As of 2025, speleological organizations from the following regions and cities were members of the Association of Speleologists of the Urals:

- Regions – Sverdlovsk Oblast, Perm Krai, Samara Oblast, Orenburg Oblast, the Republic of Bashkortostan, Čeljabinsk Oblast;

- Cities (they are ordered alphabetically) – Čeljabinsk, Ekaterinburg, Magnitogorsk, Miass, Orenburg, Perm, Pervouralsk, Polevskoj, Salavat, Samara, Syzran', Sim, Snežinsk, Troick and Ufa.

== List of presidents ==
There were 7 presidents of ASU, and Sergej Jur'evič Ryčagov from Ufa was the longest serving, from 2014 to 2021:
| * 1989–1992: Aleksandr Višnevskij * 1993–1998: Semën Baranov * 1999–2004: Sergej Evdokimov | * 2005–2011: Anatolij Afanas'ev * 2012–2014: Petr Grigor'ev * 2014–2021: Sergej Ryčagov | * since 2021: Artur Asylgužin |

== Publications ==
Since 1999, ASU has published the Bulletin of the Association of Speleologists of the Urals.

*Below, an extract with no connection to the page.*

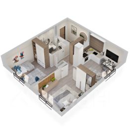 3D-модель в изображениях представлена исключительно в ознакомительных целях. Изображённые отделка, мебель, техника, предметы интерьера, декора и иные элементы оформления квартиры являются иллюстрацией возможного интерьера и не входят в состав приобретаемой квартиры. Подробности в отделе продаж.

It brings match reports, conference reports, regulations, and other official ASU documents on about 20 pages, black and white, without photos. The bulletin was published up to four times a year, often more rarely; the last issue was in 2009.

Journal ASU is the official periodical of the association. Published since 2006, it features expedition reports, deep-sea exploration, and articles on speleology and competitions. In 2022, the publication was renamed to "Abyss" (Bezdna).